In the material below, the lines between the one holding "Fig 16: LUVISSOLO" and the one holding "פּילאָסאָפיע און געשיכטע.", inclusive, are to be set down word for word. Pictures stay out.

──────── Data extract

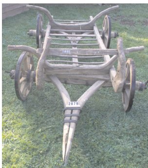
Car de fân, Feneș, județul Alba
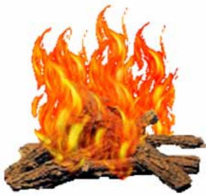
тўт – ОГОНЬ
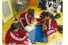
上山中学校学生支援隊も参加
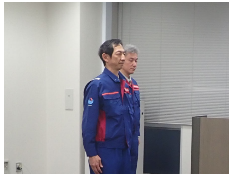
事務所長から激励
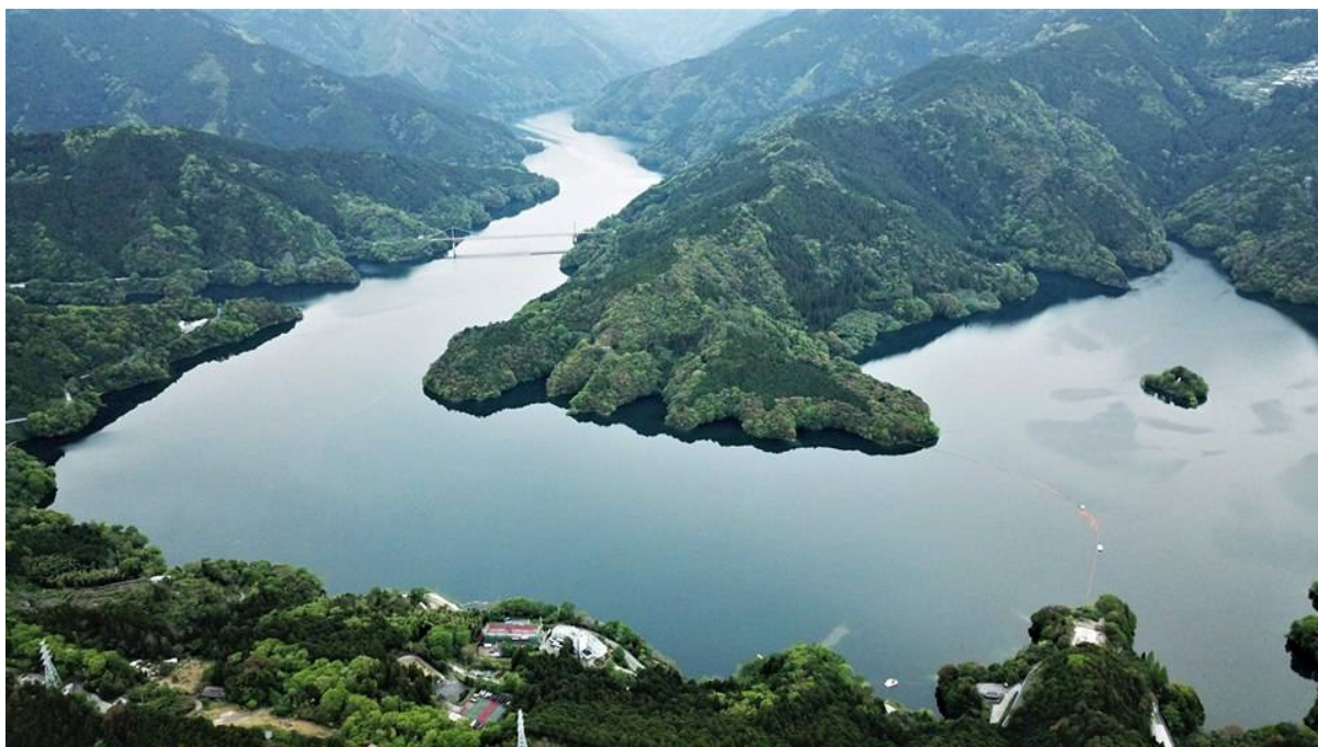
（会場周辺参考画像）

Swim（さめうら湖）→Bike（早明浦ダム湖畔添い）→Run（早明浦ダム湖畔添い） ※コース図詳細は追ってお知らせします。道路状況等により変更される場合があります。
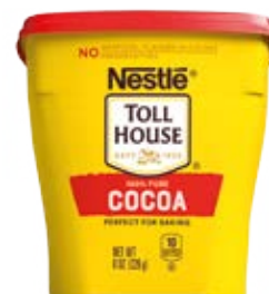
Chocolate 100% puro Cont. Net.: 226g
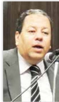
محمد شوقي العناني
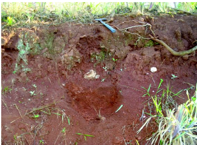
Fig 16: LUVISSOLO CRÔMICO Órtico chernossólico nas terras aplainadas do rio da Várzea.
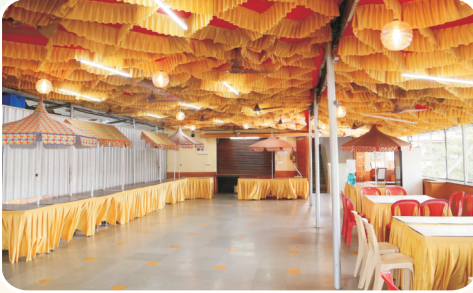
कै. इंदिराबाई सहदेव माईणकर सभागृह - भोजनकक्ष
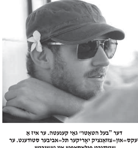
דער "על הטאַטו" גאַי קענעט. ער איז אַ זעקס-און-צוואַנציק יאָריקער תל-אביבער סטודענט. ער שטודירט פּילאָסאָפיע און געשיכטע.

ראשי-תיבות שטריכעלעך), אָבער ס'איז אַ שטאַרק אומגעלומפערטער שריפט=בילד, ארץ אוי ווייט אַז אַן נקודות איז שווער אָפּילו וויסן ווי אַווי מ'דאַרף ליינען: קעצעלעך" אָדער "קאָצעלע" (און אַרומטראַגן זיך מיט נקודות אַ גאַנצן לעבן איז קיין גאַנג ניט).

────────────────
──────── Data extract

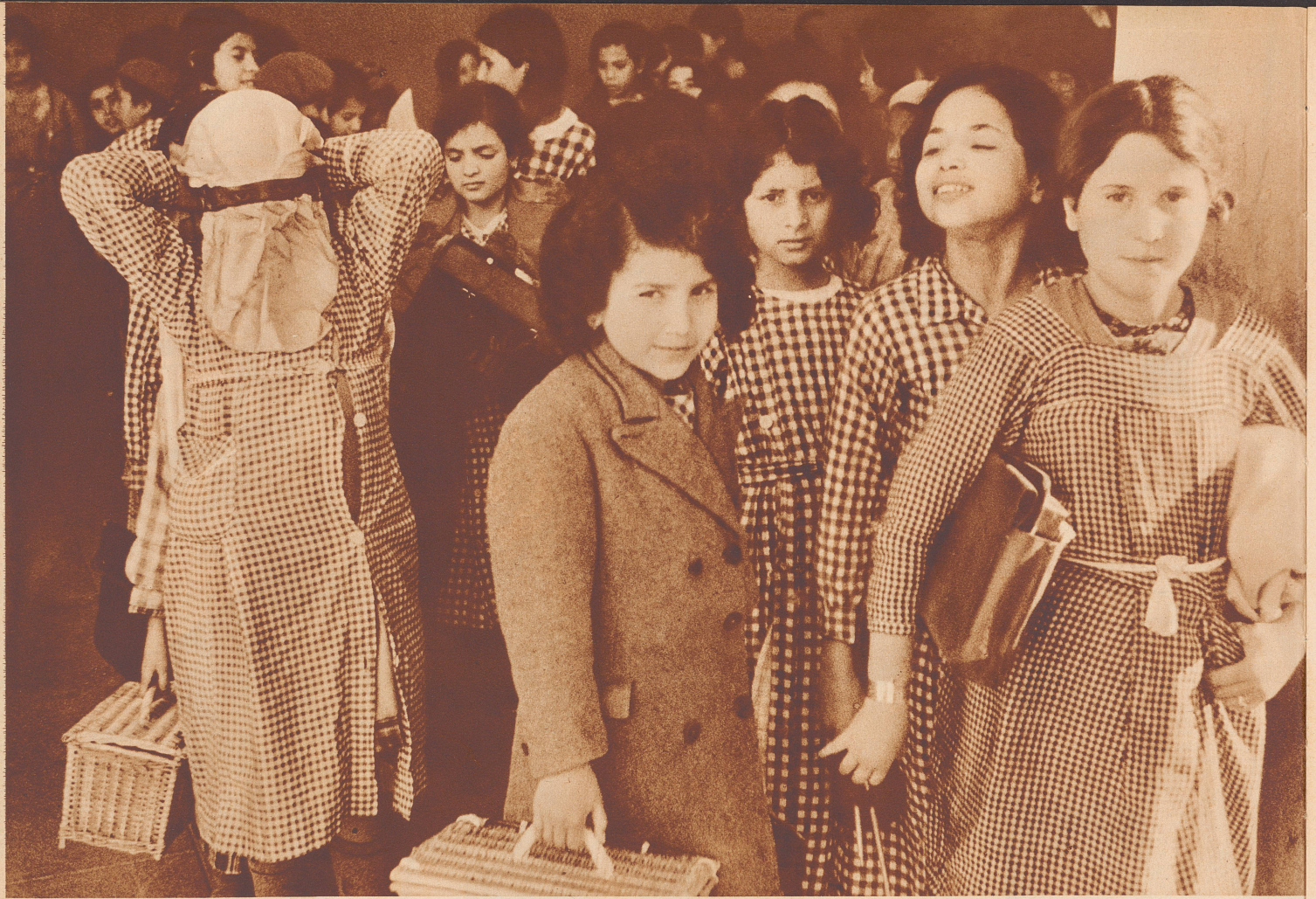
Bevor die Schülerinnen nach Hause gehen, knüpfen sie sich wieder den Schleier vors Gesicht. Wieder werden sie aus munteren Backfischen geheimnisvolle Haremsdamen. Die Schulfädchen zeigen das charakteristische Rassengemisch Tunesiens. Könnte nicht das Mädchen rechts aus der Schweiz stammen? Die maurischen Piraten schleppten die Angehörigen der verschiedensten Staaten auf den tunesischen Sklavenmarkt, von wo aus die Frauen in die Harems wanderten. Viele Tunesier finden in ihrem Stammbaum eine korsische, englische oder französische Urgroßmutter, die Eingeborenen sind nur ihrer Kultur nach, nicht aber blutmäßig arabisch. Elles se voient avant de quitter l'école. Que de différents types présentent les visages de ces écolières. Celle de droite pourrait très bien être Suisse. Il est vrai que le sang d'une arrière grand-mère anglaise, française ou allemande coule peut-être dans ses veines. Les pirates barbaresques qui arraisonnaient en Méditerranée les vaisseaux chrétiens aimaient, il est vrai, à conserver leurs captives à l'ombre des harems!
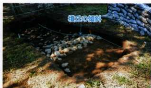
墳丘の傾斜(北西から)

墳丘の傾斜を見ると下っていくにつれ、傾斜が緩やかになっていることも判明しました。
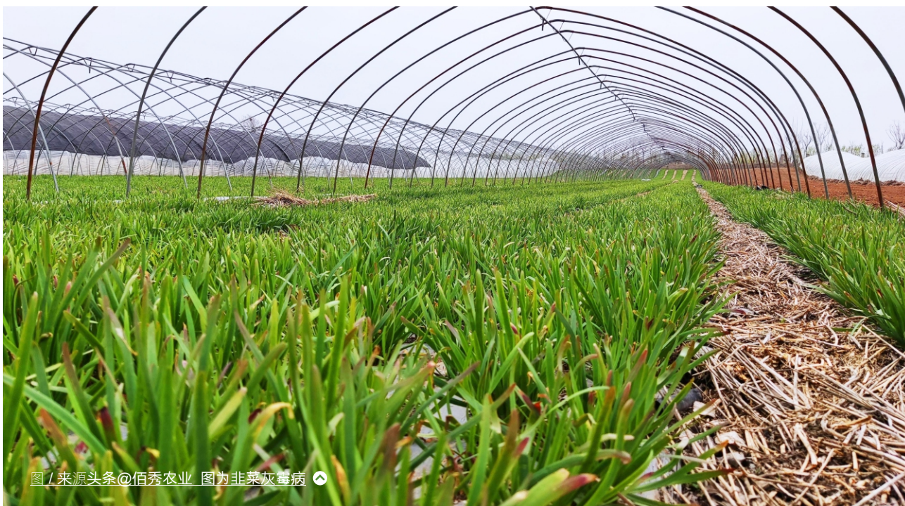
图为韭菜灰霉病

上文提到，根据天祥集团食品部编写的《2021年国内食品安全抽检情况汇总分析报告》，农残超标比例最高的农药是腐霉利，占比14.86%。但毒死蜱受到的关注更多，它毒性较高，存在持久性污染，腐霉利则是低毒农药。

────────────────

**Solution to this problem**:
Fig 16: LUVISSOLO CRÔMICO Órtico chernossólico nas terras aplainadas do rio da Várzea.
कै. इंदिराबाई सहदेव माईणकर सभागृह - भोजनकक्ष
דער "על הטאַטו" גאַי קענעט. ער איז אַ זעקס-און-צוואַנציק יאָריקער תל-אביבער סטודענט. ער שטודירט פּילאָסאָפיע און געשיכטע.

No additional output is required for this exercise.